Comédie dramatique de José Pablo Feinmann, mise en scène de Gérard Gelas, avec Olivier Sitruk, Jacques Frantz, Laure Vallès, Guillaume Lanson et François Santucci.

Un personnage emblématique, un physique, une vision du monde, une agonie romantique : tous les ingrédients d'une bonne pièce sont réunis dans "Le crépusucle du Che", oeuvre de l'Argentin José Pablo Feinmann.

1967: après la révolution triomphale de Cuba, les tentatives avortées au Congo, le Ché se retrouve en Bolivie pour son dernier combat. Capturé, il est rapidement éxecuté sur injonction américaine. Le mythe est né. La machine commerciale s'emballe. La célèbre photographie - cheveux longs et béret - prise en 1960 à l'enterrement des marins français assassinés dans le port de la Havane par la C.I.A., va subir une duplication phénoménale et orner murs de chambres et torses étriqués de la jeunesse occidentale.

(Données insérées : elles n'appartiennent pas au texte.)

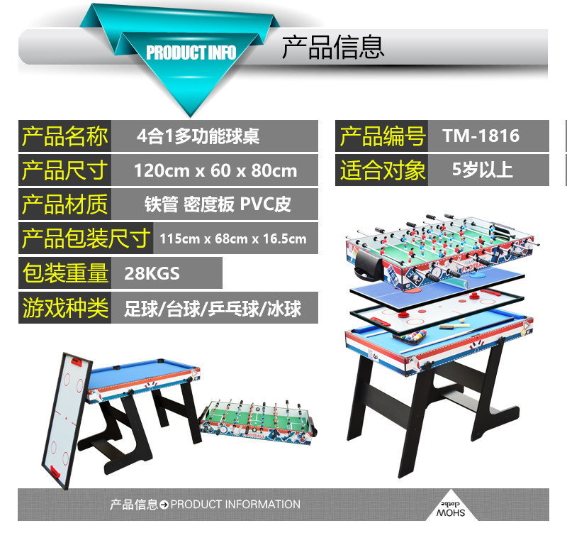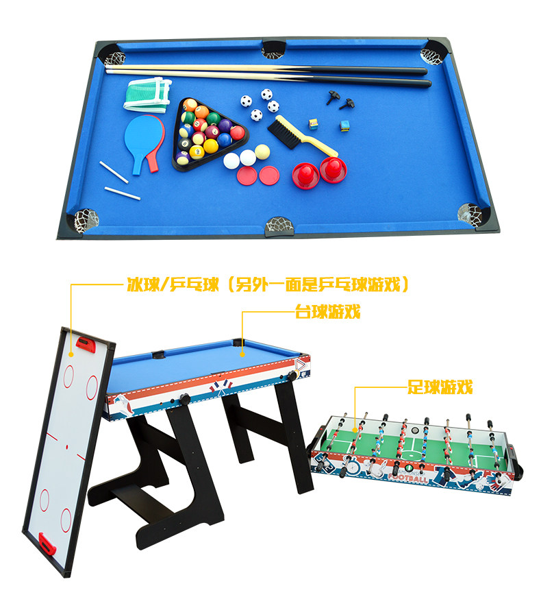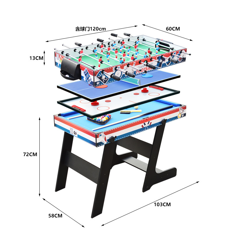 Модель: TM-1816 Наименование товара: многофункциональный сборный бренд американского футбольного мяча/бильярда/хоккея/настольного тенниса (4 вида funcion) Функция: Отдых и развлечения/взаимодействие родителей и детей/Семейная Игра patry PK racing Особенности: ковка способность мышления/тест скорости реакции и со степенью мозга Применимые люди: дети и взрослые Применимые случаи: домашние вечерние/Бар Отель командная игра/Офис Отдых игра Вес: около 30 кг Цвет: как детали Материал: Высококачественная Экологически чистая плита высокой плотности/ABS/труба из нержавеющей стали Размер: стандартный размер около 120*60*80 см

Feinmann a choisi de faire paraître le héros au tribunal de l'Histoire, par le truchement d'un questionneur-journaliste et de la convocation de grands témoins de l'épopée.

Jacques Frantz, immense comédien, sur lequel repose toute la pièce, incarne cet inquisiteur du passé, endossant, à certains moments, le treillis de Castro, pour de savoureux dialogues, fascinant transformiste plein d'humanité. A ces côtés, dans un impossible défi, oeil noir et parole vigoureuse, Olivier Sitruk envisage le personnage du Ché, sans toujours prendre conscience de la cruauté de cette passion finale, avec la mort au bout, miroir flou de la volonté magnifique du Conquérant de l'impossible.

Un certain galimatias humanisant - problème de traduction ? - ne l'aide pas dans son entreprise et on s'agace de ce révisionnisme moralisateur, de ces imprécations contre le Commandante qu'on ne peut aborder sans grandeur d'esprit ou avec les oeillères bobo de la bonne conscience gnan-gnan. Les personnages secondaires - soldatesque bolivienne, improbables gringas, samaritaines des Andes - paraissent sortis d'une cour de récréation pour adultes et improvisent, avec détachement, des rôles de tueurs, de victimes ou la figure du peuple. D'où déperdition.

Le metteur en scène, Gérard Gélas, avec cette partition molle, a eu l'intelligence de distribuer Jacques Frantz, qui sauve tout, tandis que les dames s'éventeront devant les regards perdus du beau jeune homme brun à béret et que le public rafraichira sa mémoire sur ces événements pleins d'espoir avant de se replonger dans un livre d'histoire d'où le révisionnisme bon-teint sera proscrit.